In a third aspect, an embodiment of the present invention further provides a method for adjusting a frequency of a vibration absorbing assembly, including:

obtaining the modal frequency of the rear axle structure;

selecting a frequency adjusting piece corresponding to the modal frequency, wherein the frequency adjusting piece comprises an elastic connecting part;

adjusting the frequency of the vibration absorbing assembly based on the frequency adjusting member.

Optionally, the selecting a frequency adjusting element corresponding to the modal frequency includes:

determining distribution conditions of adjusting holes on the elastic connecting part based on the modal frequency, wherein the distribution conditions comprise at least one of the number and the aperture of the adjusting holes;

and determining the elastic connecting part with the distribution condition meeting the modal frequency as a target elastic connecting part.

Optionally, the frequency adjusting part further includes a counterweight part, and under the condition that the rigidity of the elastic connecting part is not changed, the selecting of the frequency adjusting part corresponding to the modal frequency includes:

determining a mass of the weight based on the modal frequency;

and determining the weight part with the mass meeting the modal frequency as a target weight part.
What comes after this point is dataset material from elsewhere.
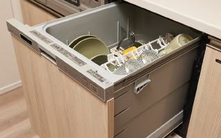 手洗いと比べ効率的に洗え、節水効果が期待できる食器洗い乾燥機を装備。
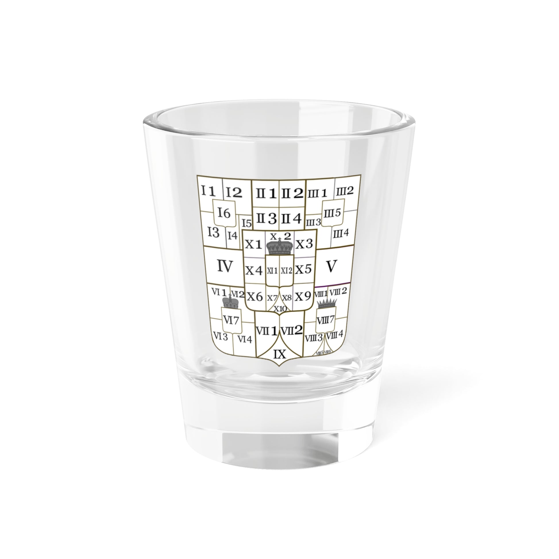 Behold the regal artistry of Joseph II's Greater Arms, now rendered in miniature on this exquisite shot glass. This design is a captivating microcosm of imperial power and dominion, a testament to the vast territories ruled by the Holy Roman Emperor and Habsburg scion.

In a fourth aspect, an embodiment of the present invention further provides a frequency adjustment apparatus for a vibration absorbing assembly, including:

the acquisition module is used for acquiring the modal frequency of the rear axle structure;

the selection module is used for selecting a frequency adjusting piece corresponding to the modal frequency, and the frequency adjusting piece comprises an elastic connecting part;

and the adjusting module is used for adjusting the frequency of the vibration absorbing component based on the frequency adjusting piece.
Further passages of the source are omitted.